Our view at Pacific Health & Development Sciences Inc. (PacificSci) is that, given the continued lagging of donor countries in meeting their long standing financial commitments to development, particularly the G7 group of nations, the role of private philanthropy has become even more important in filling this gap than ever before.

The following report is abstracted from a press release from the Rockefeller Foundation.

THE BELLAGIO INITATIVE
Bellagio, Italy—As millions of people, multilateral organisations, and philanthropic foundations around the world dedicate time and resources for short and long-term solutions to the urgent food crisis in the Horn of Africa, a global dialogue is launched to foster innovative partnerships focused on the improvement of human well-being.

The Bellagio Initiative plans to bring together “the world’s most respected and innovative thinkers in the fields of philanthropy and international development”. Over the coming months they will consider the key issues likely to shape the future wellbeing of humanity and identify new opportunities for joint action by philanthropic and development organisations.
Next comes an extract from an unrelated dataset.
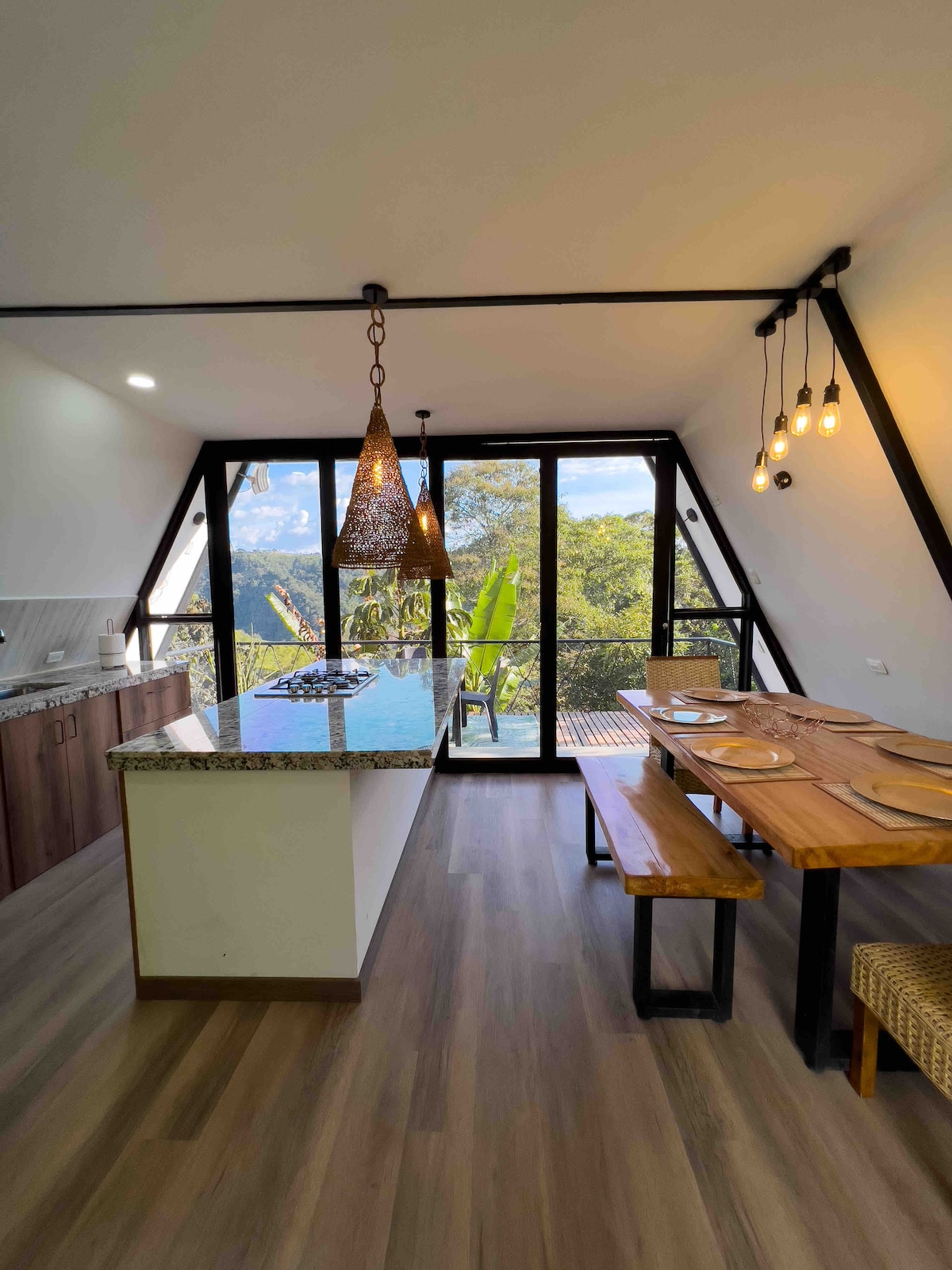 Отдохните в загородном доме, окруженном природой и тишиной, всего в 5 минутах от главного парка Филандии. Наслаждайтесь ночами у костра, кофейными пейзажами и просторными помещениями, которыми можно поделиться с семьей или друзьями. Дизайнерский отдых в центре колумбийского кофейного ландшафта. Почувствуйте спокойствие и природу в чистом виде. Насладитесь панорамным видом на лес и долины Киндио. Незабываемые рассветы, звездное небо и волшебные закаты

The initiative comes as philanthropic giving becomes ever-more important in the fight to eradicate poverty. It has more than doubled in size over the past decade, according to OECD figures, standing at over US$22bn in 2009.

Throughout the second half of 2011, the Bellagio Initiative will engage a diverse group of practitioners, opinion leaders, beneficiaries, social entrepreneurs and donors to consider innovative solutions to some of the major challenges affecting poor people today. The Initiative will convene global consultations on topics such as climate change, emerging markets, sustainability, migration and rights which, together with specially commissioned papers and commentary, will feed into debate at a high-level summit being held at the Rockefeller Foundation Bellagio Centre, Italy, in November.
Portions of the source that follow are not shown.